Freshslice Pizza
- Type: Restaurant franchise
- Industry: Fast food
- Founded: 1999; 27 years ago
- Headquarters: 1610 Ingleton Ave, Burnaby, British Columbia, Canada
- Key people: Ray Russell (founder and CEO)
- Products: Pizza Cheesy Bread Chicken Wings FS Cares Brownie
- Website: www.freshslice.com

= Freshslice Pizza =

Canadian pizza chain and franchise

Freshslice Pizza is a Canadian pizza chain and franchise founded by Ray Russell in 1999. The franchise operates more than 200 locations across Canada. They are known for their pizza by the slice but also sell whole pizzas.

== History ==

Freshslice Pizza was founded in 1999 by Ray Russell in Vancouver, British Columbia. Starting with a single restaurant, Freshslice grew to over 100 Locations across Canada.

== Awards and recognition ==
In 2014 and 2015, Freshslice received a Golden Plate award for Best Pizza By The Slice from the Vancouver-based weekly publication The Georgia Straight.

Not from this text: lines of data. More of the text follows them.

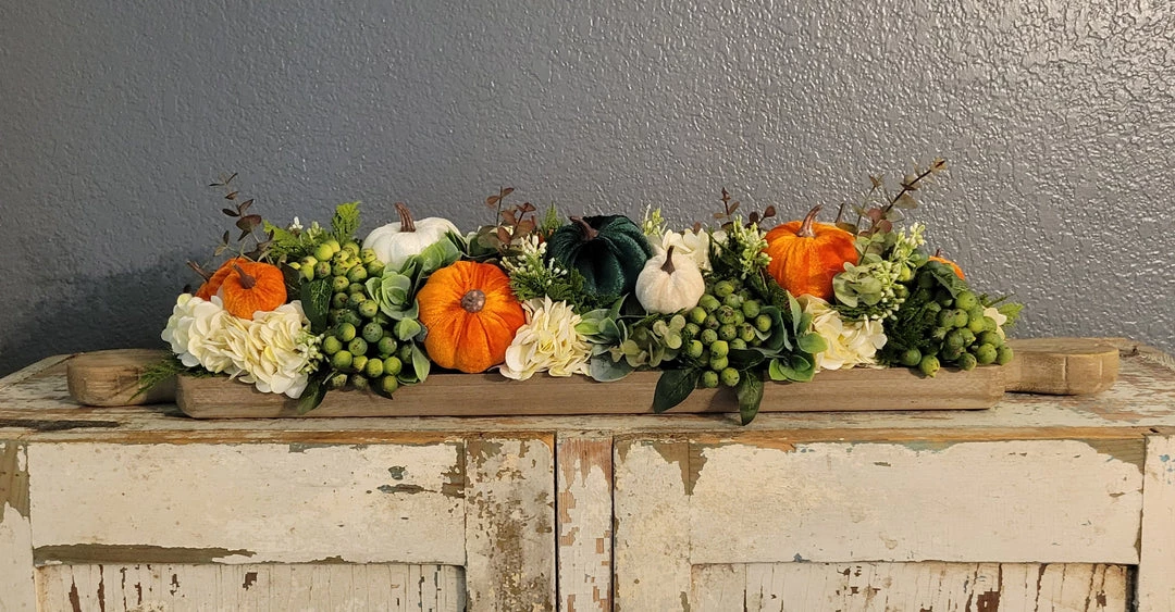 This wood breadboard is designed with velvet pumpkins and cream hydrangeaÂ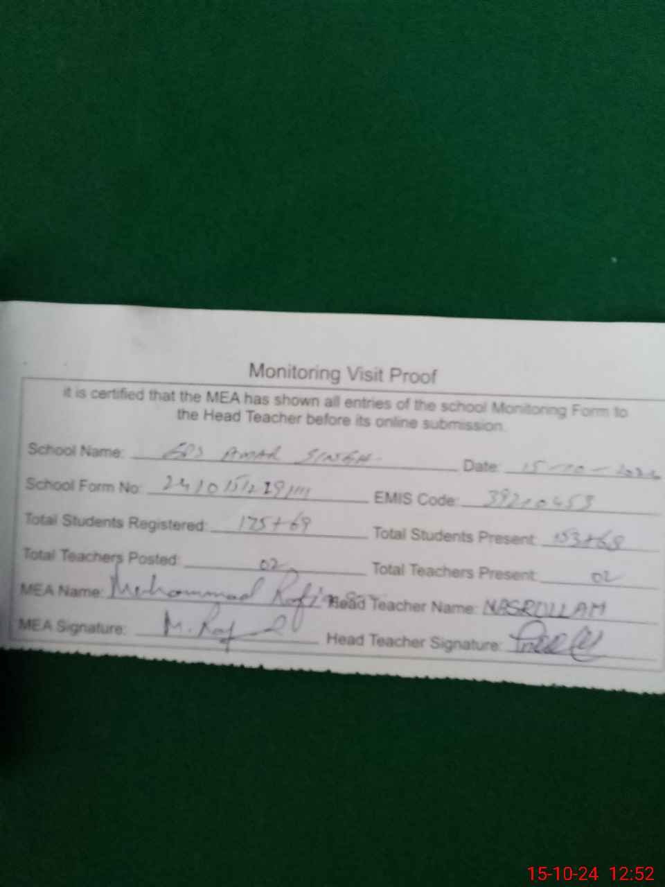 | EMIS Code: 39210453 | Name of School: GPS AMAR SINGH P/O 26/S.P PAKPATTAN | |||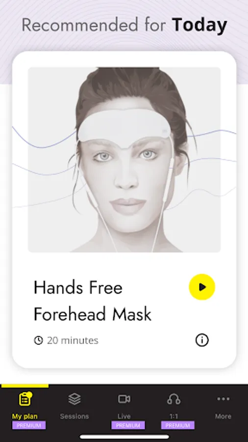 This is a 10minute hands-free Forehead Mask treatment. It delivers Stretch waveform for 5mins and Lift waveform for last 5mins. This treatment will help work on the Forehead muscles to relax and lift them.

In 2016, Ray Russell and Freshslice were awarded runner-up for the Entrepreneur of the Year Award through BCBusiness and Ernst & Young (EY) for his involvement at Freshslice.

== Legal issues ==

In 2011, two Freshslice Pizza companies and the owner of two franchise outlets were fined $44,000 for employing illegal workers. Companies owned by Ray Russell and corporate employee Bahman Afshari were all charged by the Canada Border Services Agency after a tip led to the discovery that over a dozen illegal immigrants were employed at Freshslice locations in Vancouver. Afshari was also personally charged.

In 2014 Russell was found guilty by the B.C. Supreme Court of wrongful dismissal of a corporate employee. The courts ordered a judgement of over $40,000 to the former employee.

In 2021, Freshslice filed a lawsuit against multiple former franchisees, who had broken away from the Freshslice chain and rebranded as the new chains HellCrust Pizza and Yummy Slice Pizza; Freshslice accused both companies of utilizing its intellectual property and trade secrets, and of breaching non-compete clauses prohibiting the establishment of competing businesses at the same location, or within five kilometres of an existing Freshslice location, for two years after the transfer or termination of a franchise. Yummy Slice's owner Jaskirat Singh accused Freshslice of having attempted to increase operating costs and devalue his franchises during the COVID-19 pandemic via "new and unnecessary renovations" and mandated promotions that reduced its profit margin, so that Freshslice could buy the franchise below value and resell it at a higher price to a new franchisee. Russell denied the allegations, accused the chains of "selling stolen goods"; the company also issued promotional material deriding the chains and other brands formed by former franchisees as "knockoff brands" that had stolen "the recipes and the proprietary system at our core".